Your instructions:
Transcribe the records exactly. Pictures do not belong in the transcription.
[Excerpted records Boundary: Start]
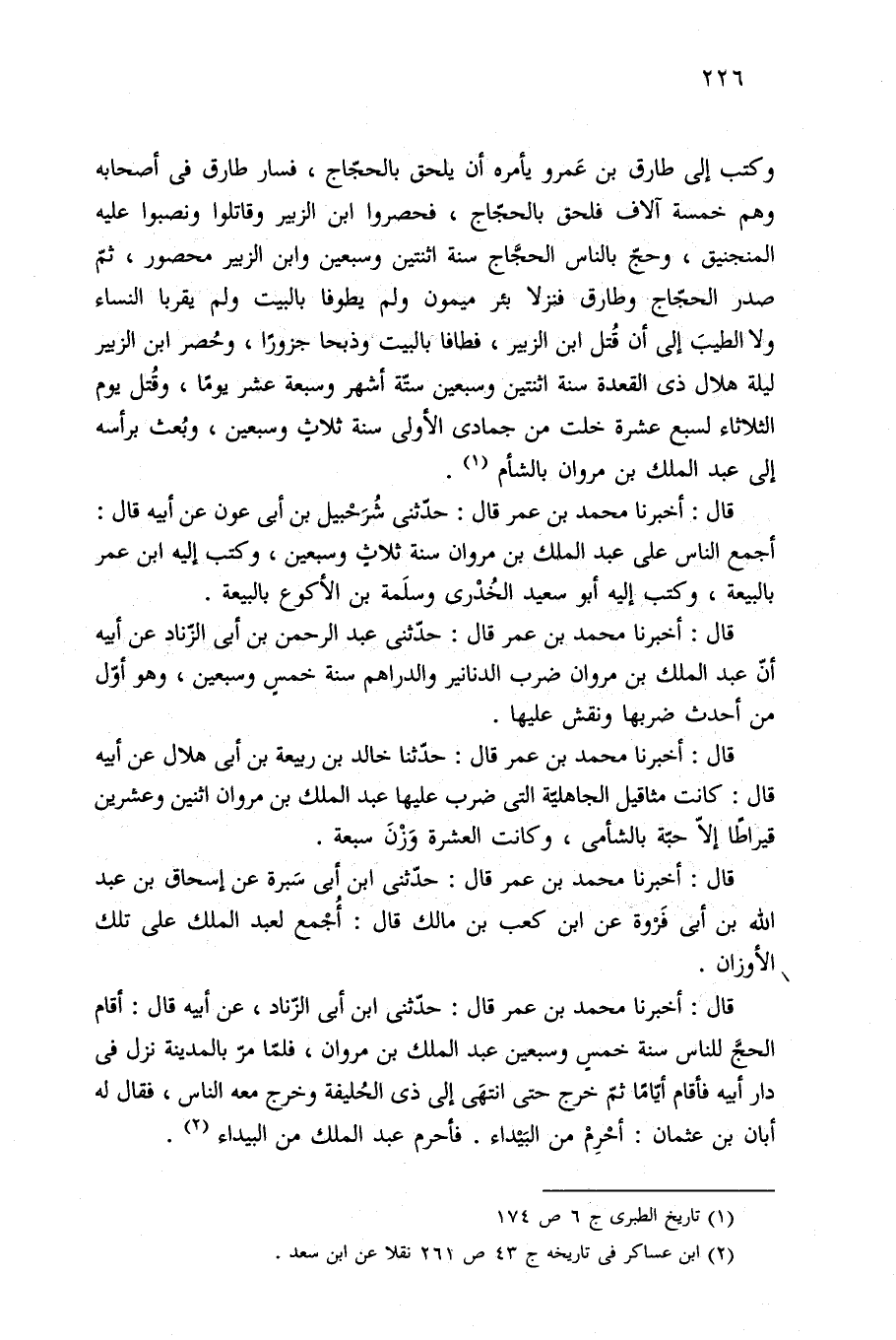 قال: أخبرنا محمد بن عمر قال: حدّثنى عبد الرحمن بن أبي الزناد عن أبيه أنّ عبد الملك بن مروان ضرب الدنانير والدراهم سنة خمسٍ وسبعين، وهو أوّل من أحدث ضربها ونقش عليها.
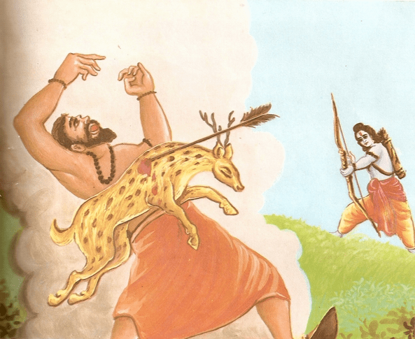 He set the radiant arrow created by brahma on his mighty bow, took aim at that particular deer and unleashed it and the arrow went hissing like a serpent. The unerring arrow pierced into the heart of mAricha in the form of the deer. Hit by the powerful arrow, mAricha was thrown up in the sky as high as a palm tree and then fell down on the ground nearly dead and shed the guise of the deer that he had donned. As his life force escaped him, he remembered the words of rAvaNa about fetching lakshmaNa also out of hermitage to facilitate the abduction of sItA. In those dying moments, mAricha realized that to be the appropriate time to put the scheme into further action and imitating the voice of rAma cried out loudly alas sItA, alas lakshmaNa.
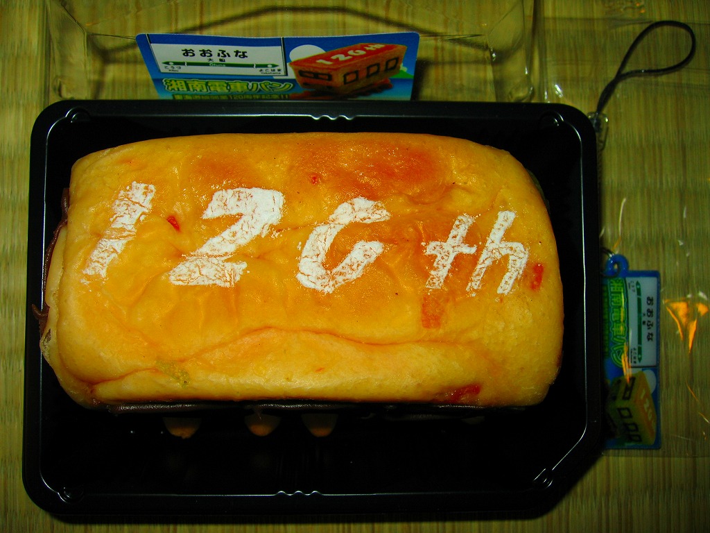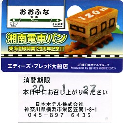 東海道本線横浜〜国府津間の開業120周年を記念して、2007(平成19)年7月11日から24日まで、大船駅構内のパン屋が一日120個を販売。好評のため8月20日から再発売を開始し、2009年頃まで販売された模様。通常は150円で、JR横浜支社が管内の駅弁屋4社を集めて2008年1月26日から27日まで横浜駅西口で実施したイベント「どんどん食べて!!記念・限定駅弁フェア」では、駅名標とパンの写真を載せたストラップを1本付けて300円で販売した。
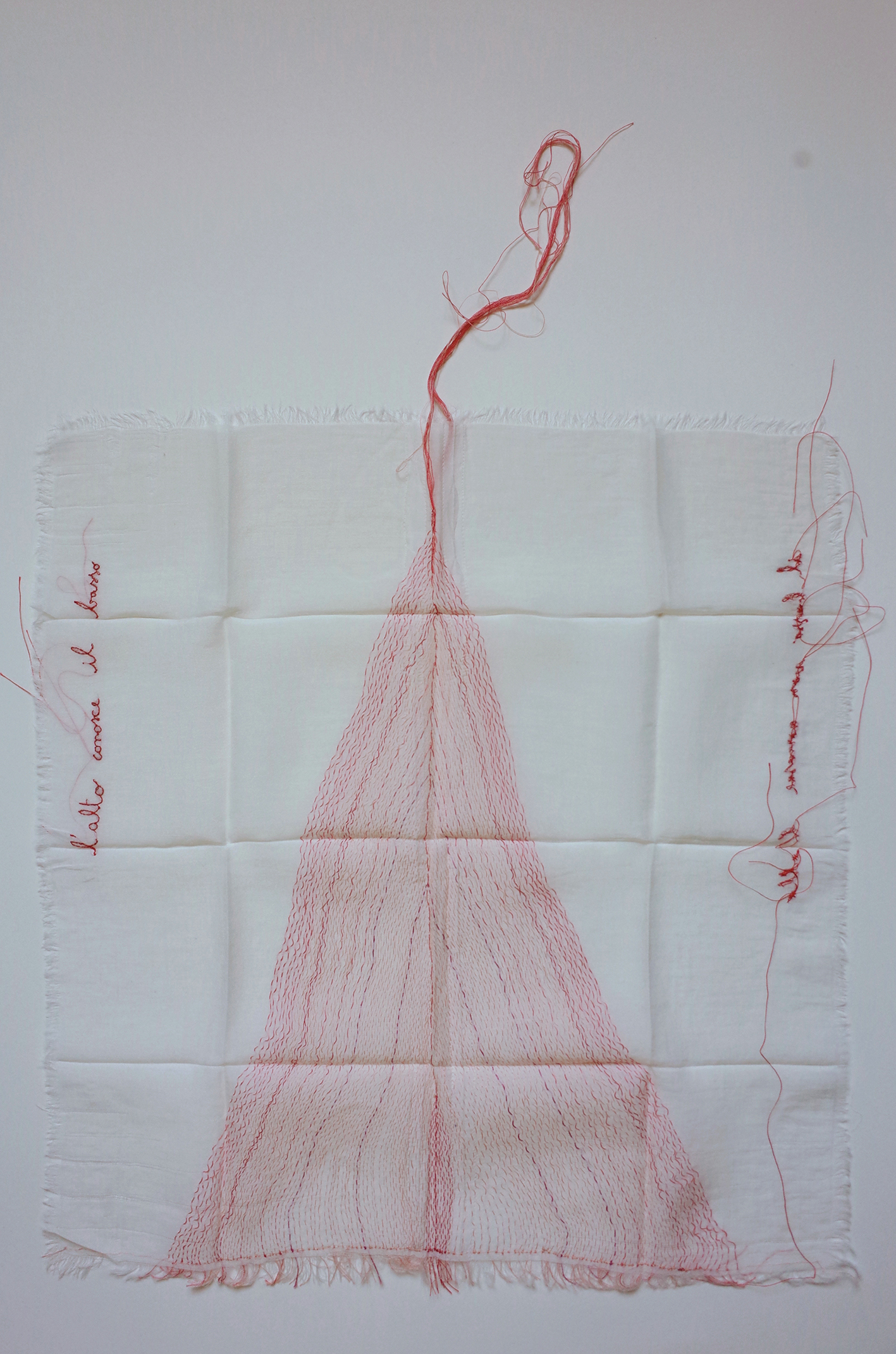 SALIRE, ricamo a mano su tela cotone e seta, 37x40x0,1 cm, 2023.
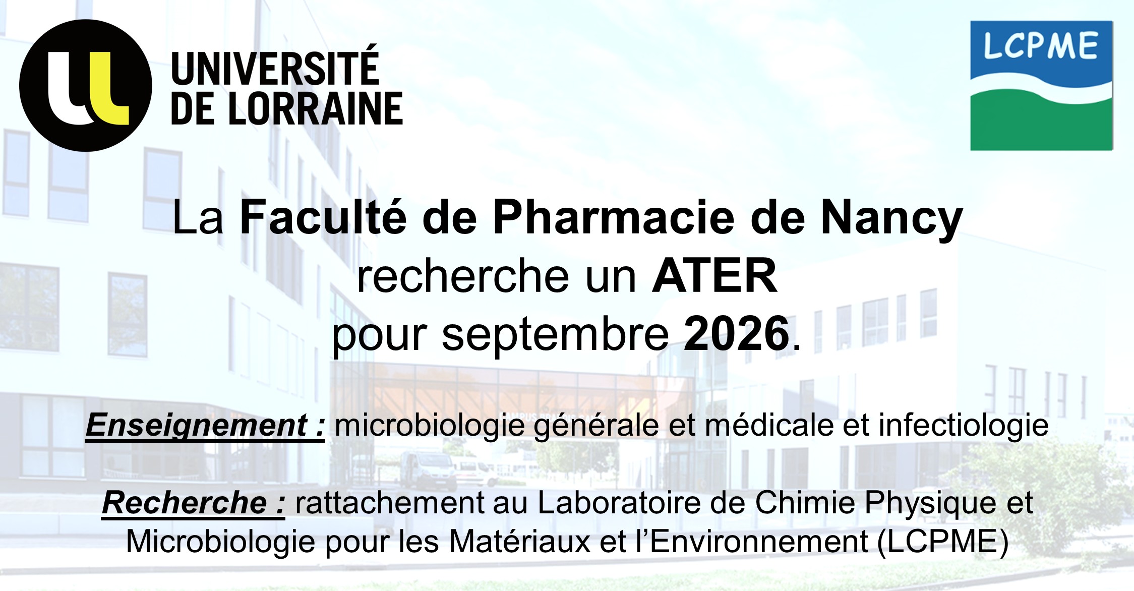 La Faculté de Pharmacie de Nancy recherche un ATER pour septembre 2026.
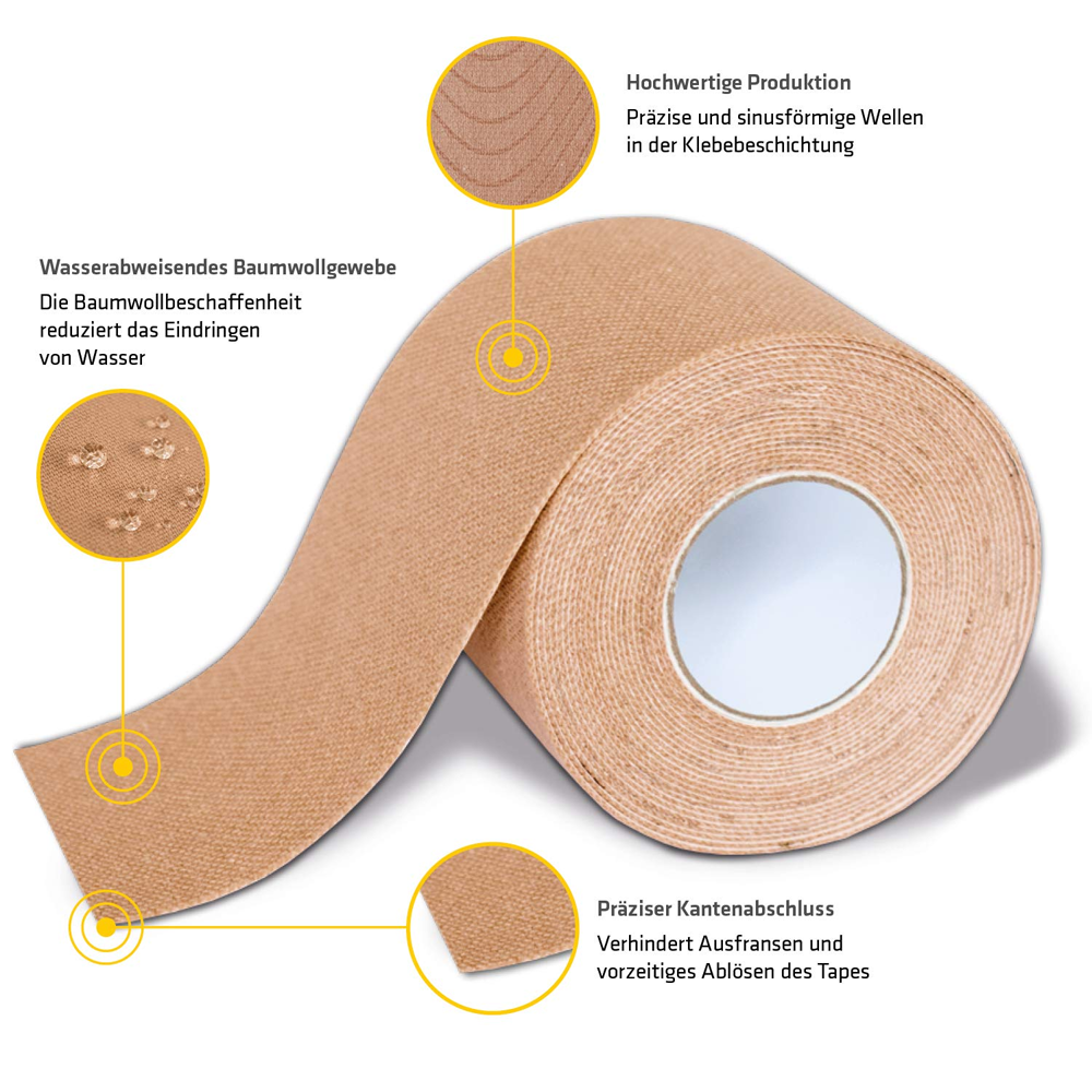 Das Tape ist wasserresistent und kann beim Duschen oder Schwitzen problemlos getragen werden. Es ist latexfrei und sehr hautfreundlich, wodurch es sich auch für empfindliche Anwender eignet.
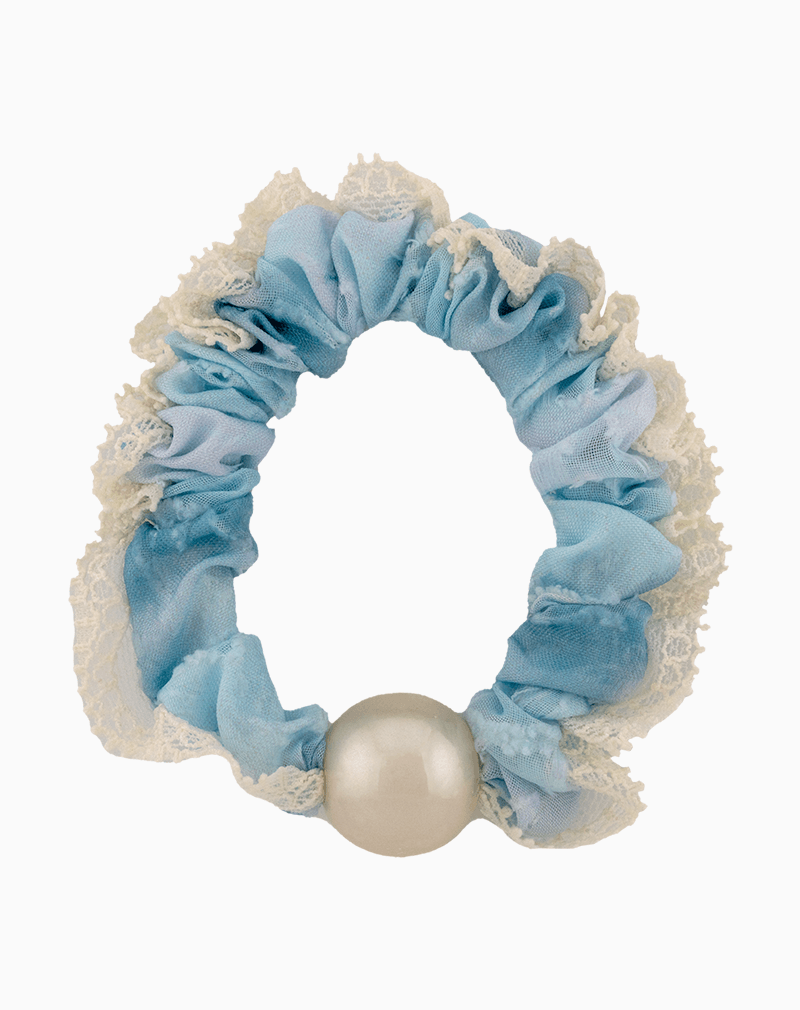 اسکرانچی موی رمانتیک و خاص از برند شوکا، با پارچه طرح آبرنگی آبی، حاشیه دانتل کرم و یک مروارید درشت. انتخابی ایدهآل برای افزودن حسی لطیف و هنری به استایل شما.
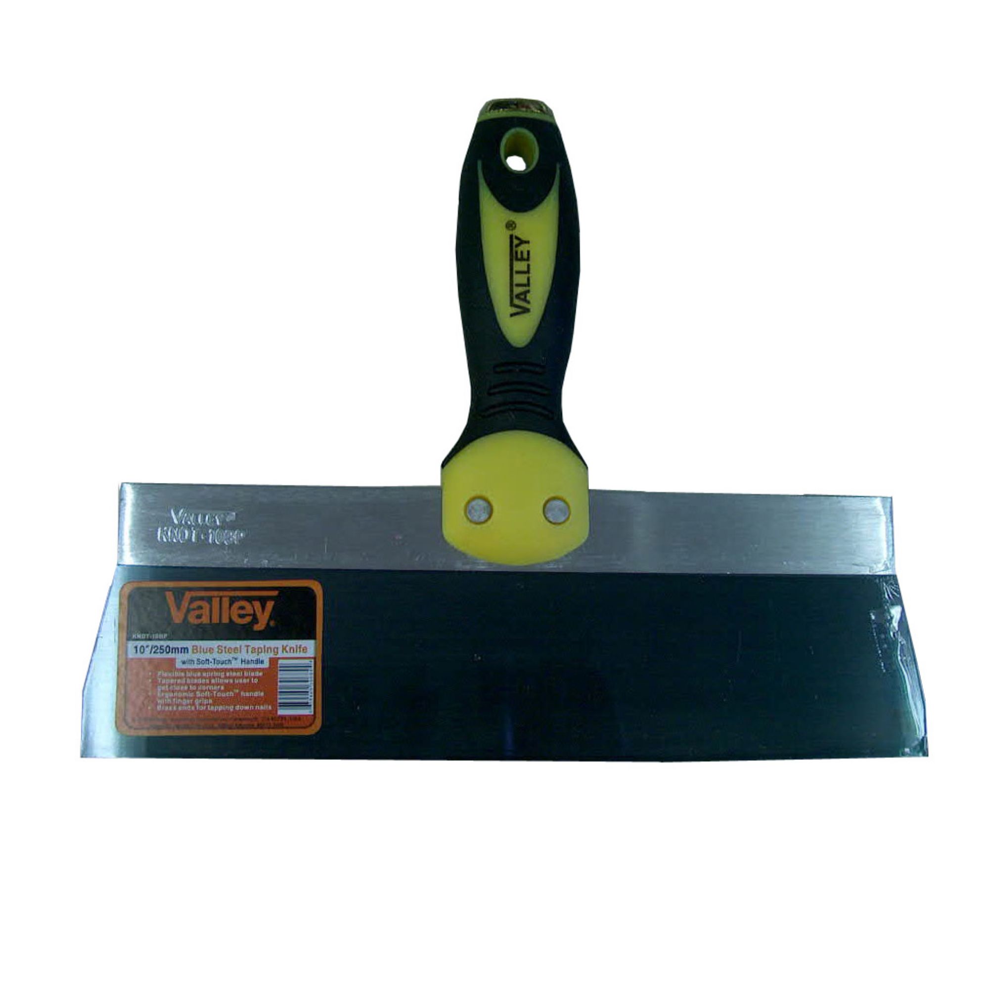 Flexible blue spring steel blade[linebreak]Tapered blades allows user to get close to corners[linebreak]Ergonomic Soft-Touch™ handle with finger grips[linebreak]Brass ends for tapping down nails[linebreak]Grip Length: 5-7/8″
[Excerpted records Boundary: End]
Response box:
 قال: أخبرنا محمد بن عمر قال: حدّثنى عبد الرحمن بن أبي الزناد عن أبيه أنّ عبد الملك بن مروان ضرب الدنانير والدراهم سنة خمسٍ وسبعين، وهو أوّل من أحدث ضربها ونقش عليها.
 He set the radiant arrow created by brahma on his mighty bow, took aim at that particular deer and unleashed it and the arrow went hissing like a serpent. The unerring arrow pierced into the heart of mAricha in the form of the deer. Hit by the powerful arrow, mAricha was thrown up in the sky as high as a palm tree and then fell down on the ground nearly dead and shed the guise of the deer that he had donned. As his life force escaped him, he remembered the words of rAvaNa about fetching lakshmaNa also out of hermitage to facilitate the abduction of sItA. In those dying moments, mAricha realized that to be the appropriate time to put the scheme into further action and imitating the voice of rAma cried out loudly alas sItA, alas lakshmaNa.
 東海道本線横浜〜国府津間の開業120周年を記念して、2007(平成19)年7月11日から24日まで、大船駅構内のパン屋が一日120個を販売。好評のため8月20日から再発売を開始し、2009年頃まで販売された模様。通常は150円で、JR横浜支社が管内の駅弁屋4社を集めて2008年1月26日から27日まで横浜駅西口で実施したイベント「どんどん食べて!!記念・限定駅弁フェア」では、駅名標とパンの写真を載せたストラップを1本付けて300円で販売した。
 SALIRE, ricamo a mano su tela cotone e seta, 37x40x0,1 cm, 2023.
 La Faculté de Pharmacie de Nancy recherche un ATER pour septembre 2026.
 Das Tape ist wasserresistent und kann beim Duschen oder Schwitzen problemlos getragen werden. Es ist latexfrei und sehr hautfreundlich, wodurch es sich auch für empfindliche Anwender eignet.
 اسکرانچی موی رمانتیک و خاص از برند شوکا، با پارچه طرح آبرنگی آبی، حاشیه دانتل کرم و یک مروارید درشت. انتخابی ایدهآل برای افزودن حسی لطیف و هنری به استایل شما.
 Flexible blue spring steel blade[linebreak]Tapered blades allows user to get close to corners[linebreak]Ergonomic Soft-Touch™ handle with finger grips[linebreak]Brass ends for tapping down nails[linebreak]Grip Length: 5-7/8″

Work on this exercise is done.